WORK REQUEST: Pictures excluded, reproduce exactly the lines below from the one with "マトウダイを焼き上げた一皿にもち麦のリゾットを添えた一品。" through the one with "<スープ>ビーツとじゃがいも 薄紅色のクリームスープ カプチーノ仕立て", both included.

*** Opening DATA EXTRACT ***

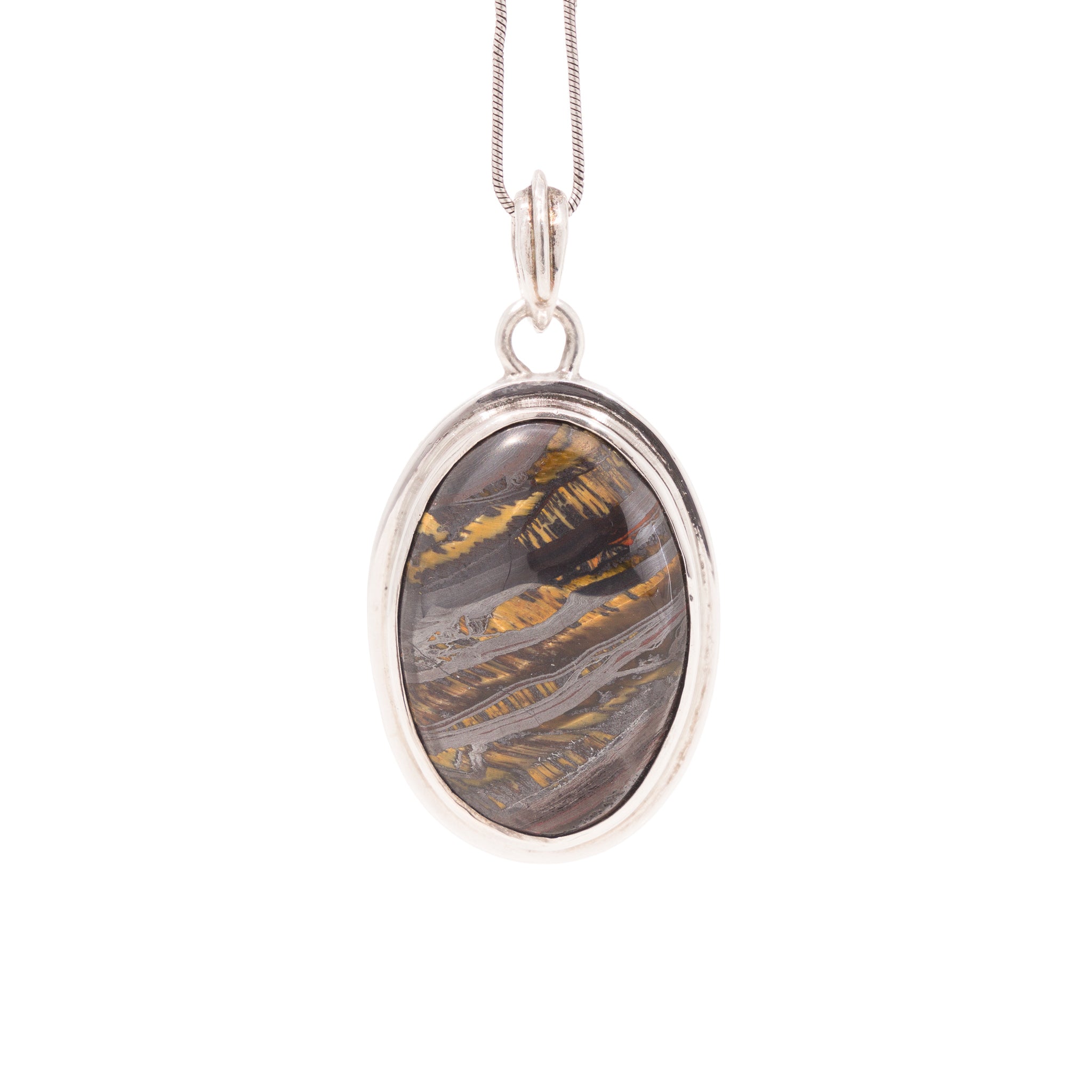 Tiger Iron 36.86 Carat Sterling Silver Handcrafted Gemstone Pendant
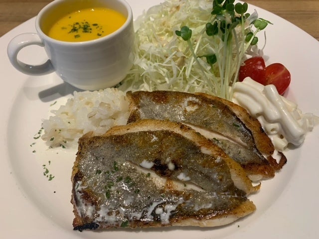 マトウダイを焼き上げた一皿にもち麦のリゾットを添えた一品。
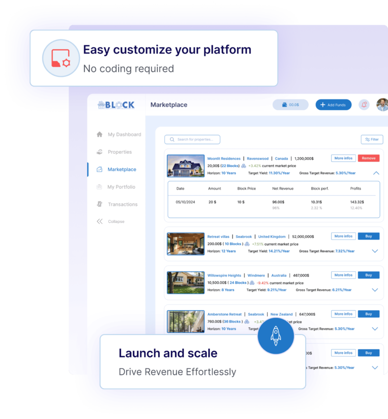 Offer a secure marketplace for clients to trade property blocks seamlessly.
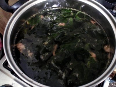 전날 밤에 몰래 장을 봐와서 미역국을 끓이기 시작했슴
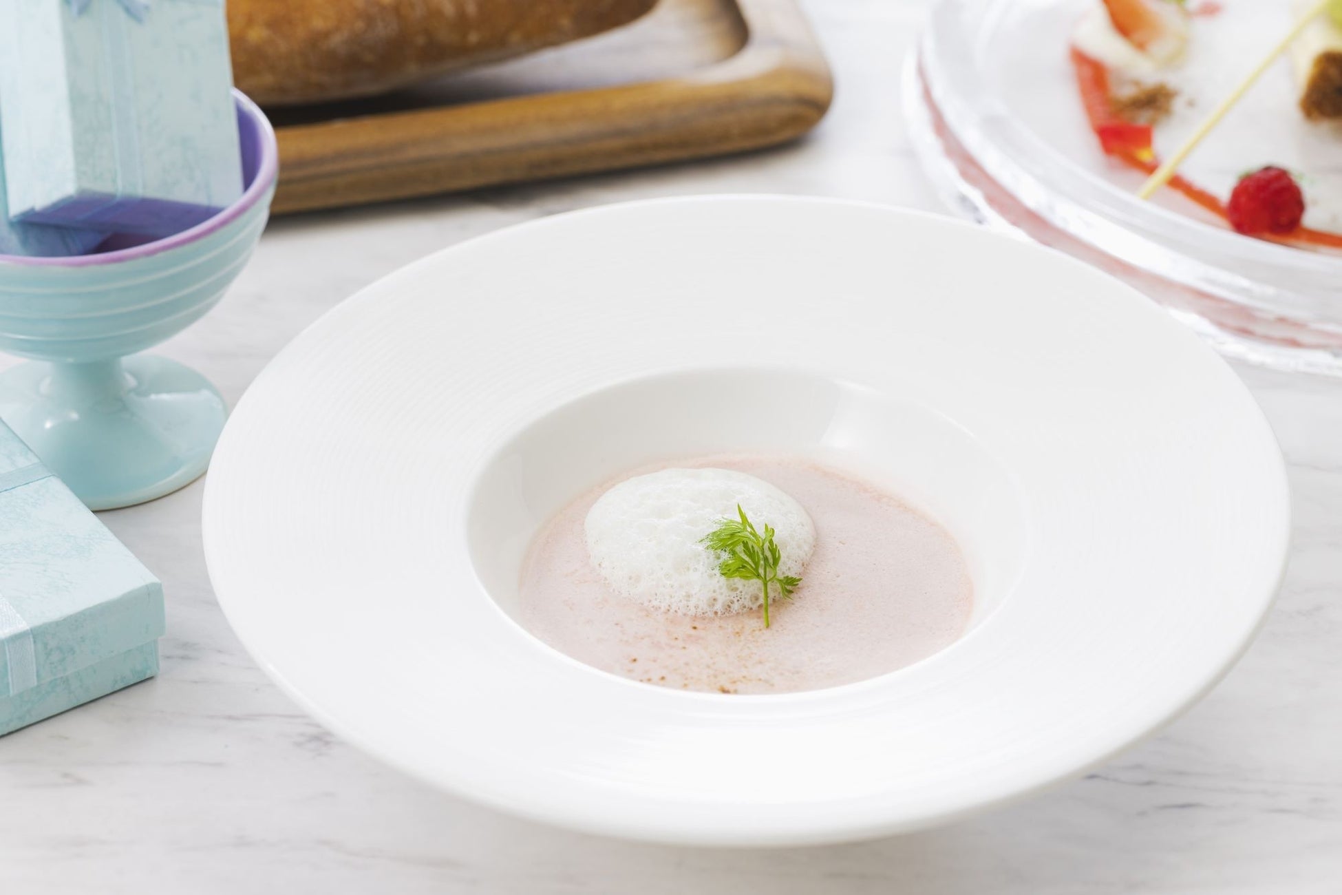 <スープ>ビーツとじゃがいも 薄紅色のクリームスープ カプチーノ仕立て
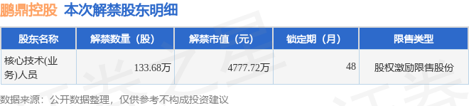 证券之星消息,根据市场公开信息整理,鹏鼎控股(002938)于7月10日将有133.68万股限售股份解禁,为公司股权激励限售股份,占公司总股本0.06%。(本次数据根据历史公告整理得出,实际情况以上市公司最新公告为准)本次解禁后,公司还有1126.93万股限售股份,占总股本0.49%。具体如下图所示:
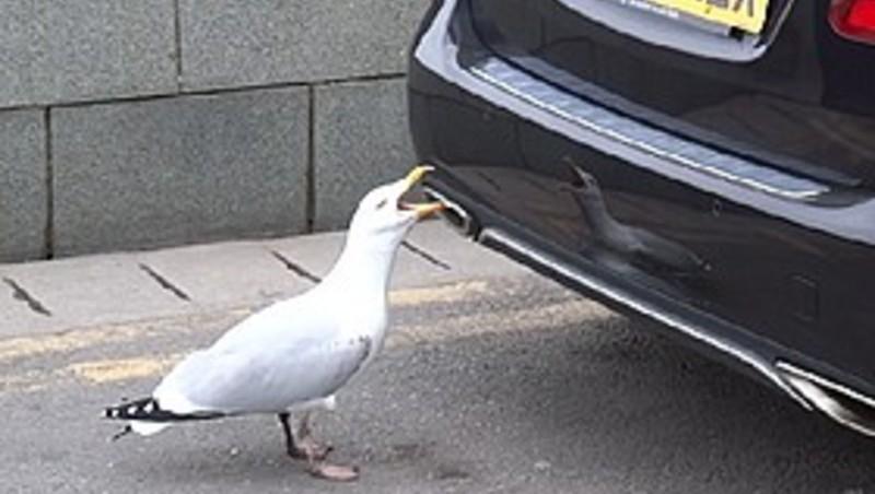 Смелая чайка пыталась заклевать бампер авто (ВИДЕО)
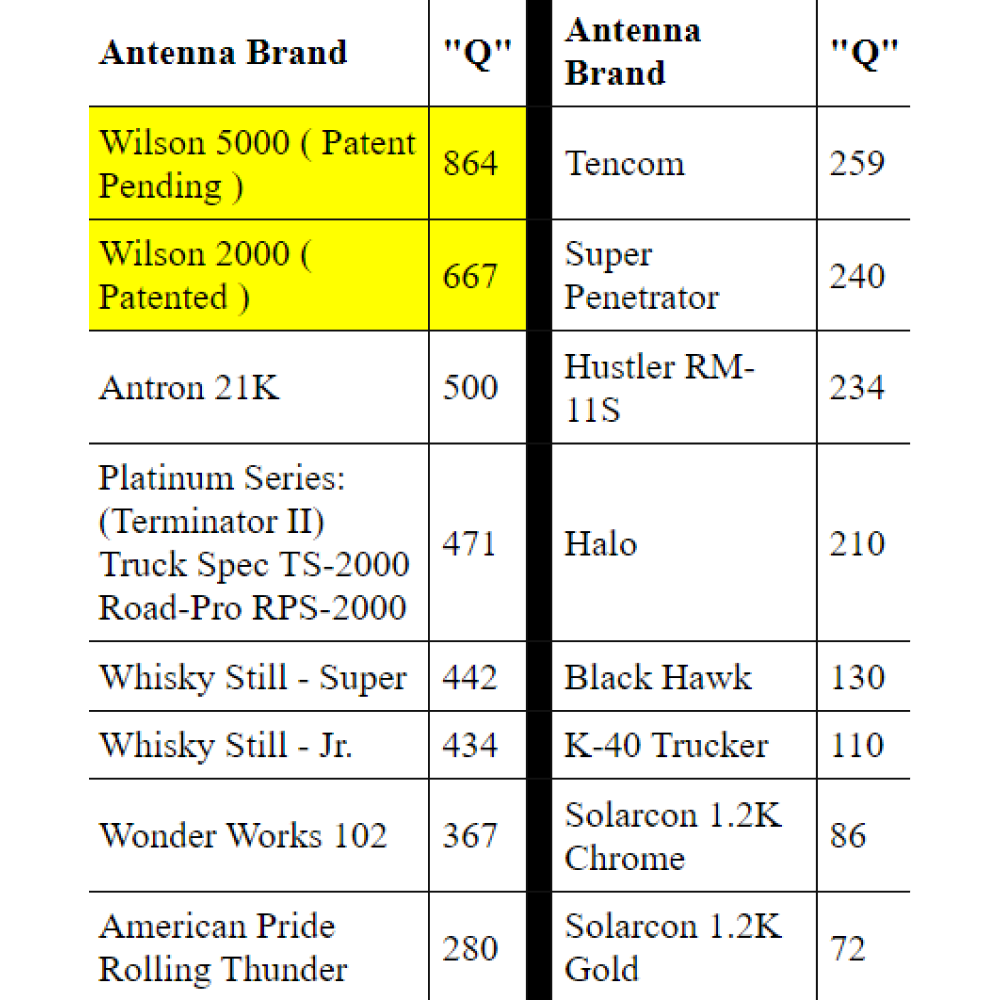 The Wilson 5000 Trucker CB antenna was shown to have the highest “Q” rating of all antenna coils tested. The “Q” is the standard engineering measurement of efficiency of the antenna coil. The higher the “Q”, the higher the efficiency, which means higher performance from that antenna.
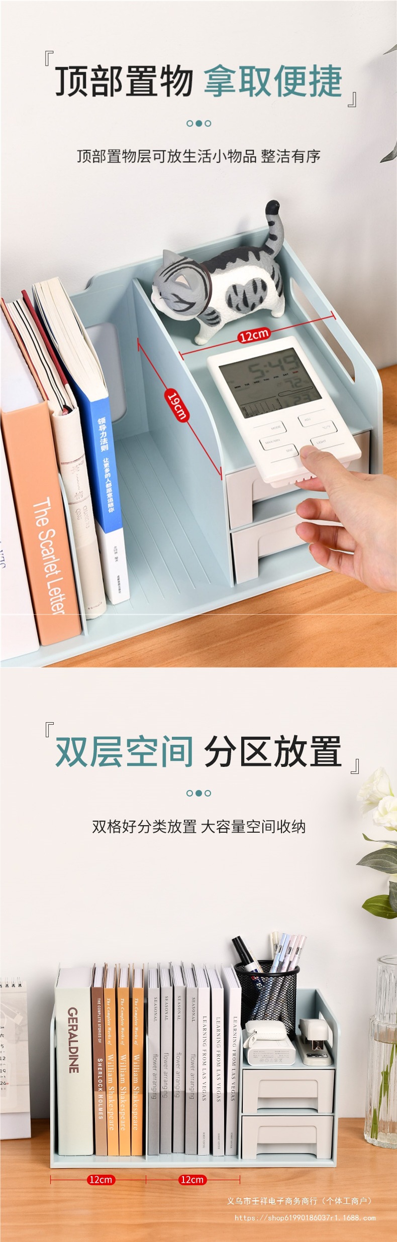• @₪【새로운 책장과 펜 홀더가 하나로 통합되었습니다】파란색과 흰색₲₲
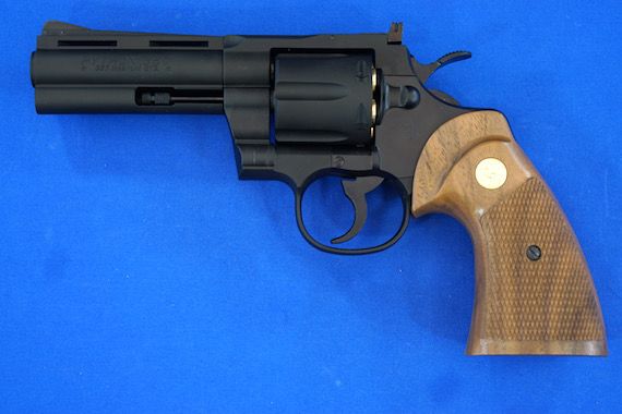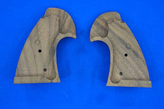 形状は3rdタイプとも後期タイプとも言われる、チェッカリング上部が一直線になった形状のものをモデルアップしています。実銃用パイソンのグリップは、コルト純正のものはだ回っていない上に手が出ない価格なので、木グリを選ぶならこれしかないですね。
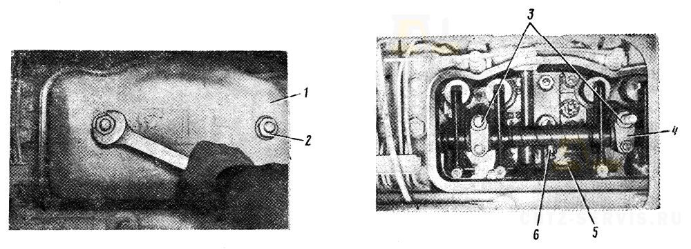Ослабьте стяжной болт 2 (рис. 52) рычага 4 и снимите рычаг с валика 3 декомпрессора. Отверните установочный винт 6, расположенный в передней части блока с правой стороны и фиксирующий в осевом направлении валик декомпрессора.
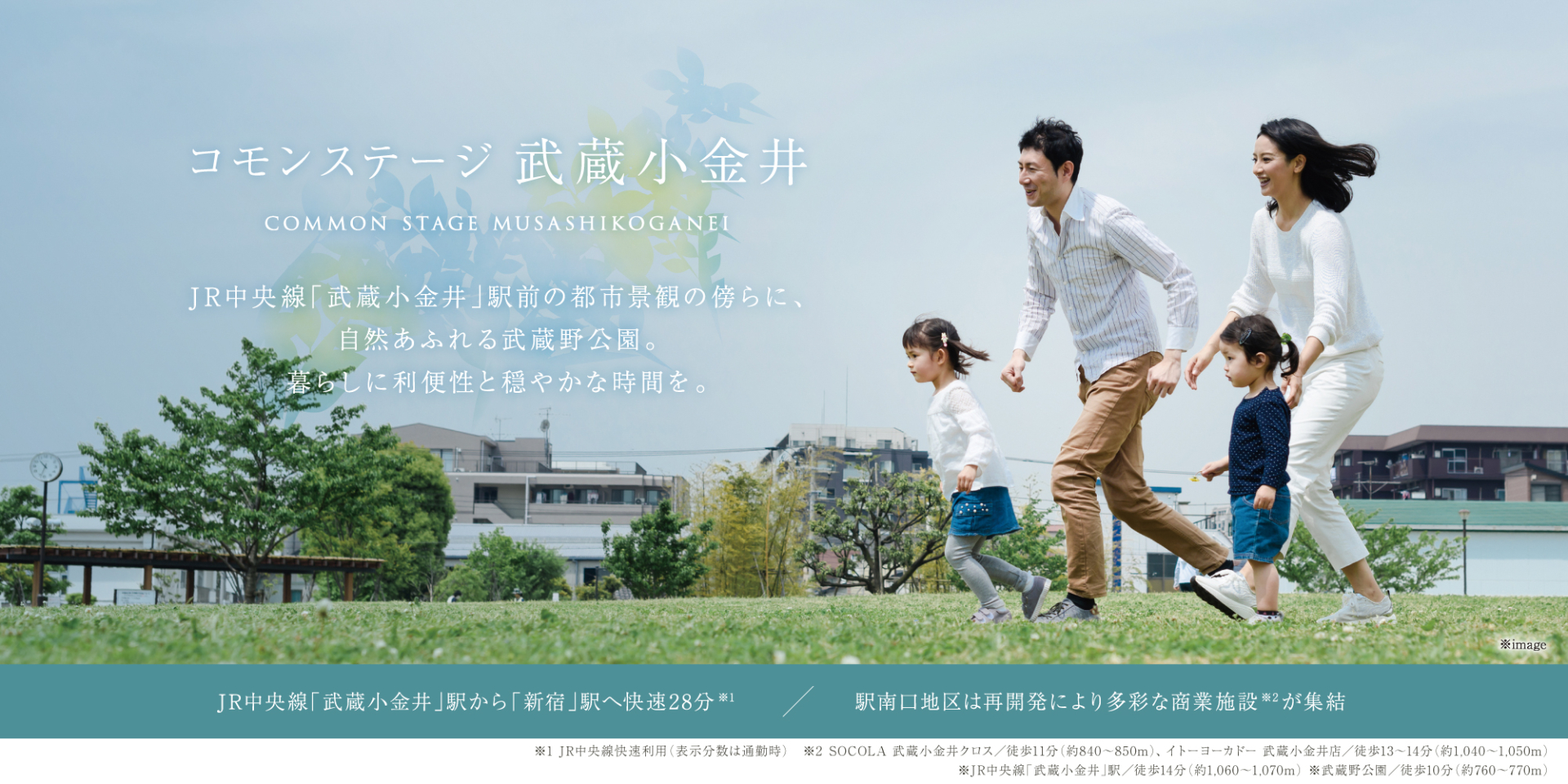 JR中央線「武蔵小金井」駅へ徒歩14分、「新宿」駅や「東京」駅へダイレクトアクセスが叶う便利な立地。通勤・通学はもちろん、休日のお出かけもスムーズに移動ができます。

*** Closing DATA EXTRACT ***

RESULT:
 マトウダイを焼き上げた一皿にもち麦のリゾットを添えた一品。
 Offer a secure marketplace for clients to trade property blocks seamlessly.
 전날 밤에 몰래 장을 봐와서 미역국을 끓이기 시작했슴
 <スープ>ビーツとじゃがいも 薄紅色のクリームスープ カプチーノ仕立て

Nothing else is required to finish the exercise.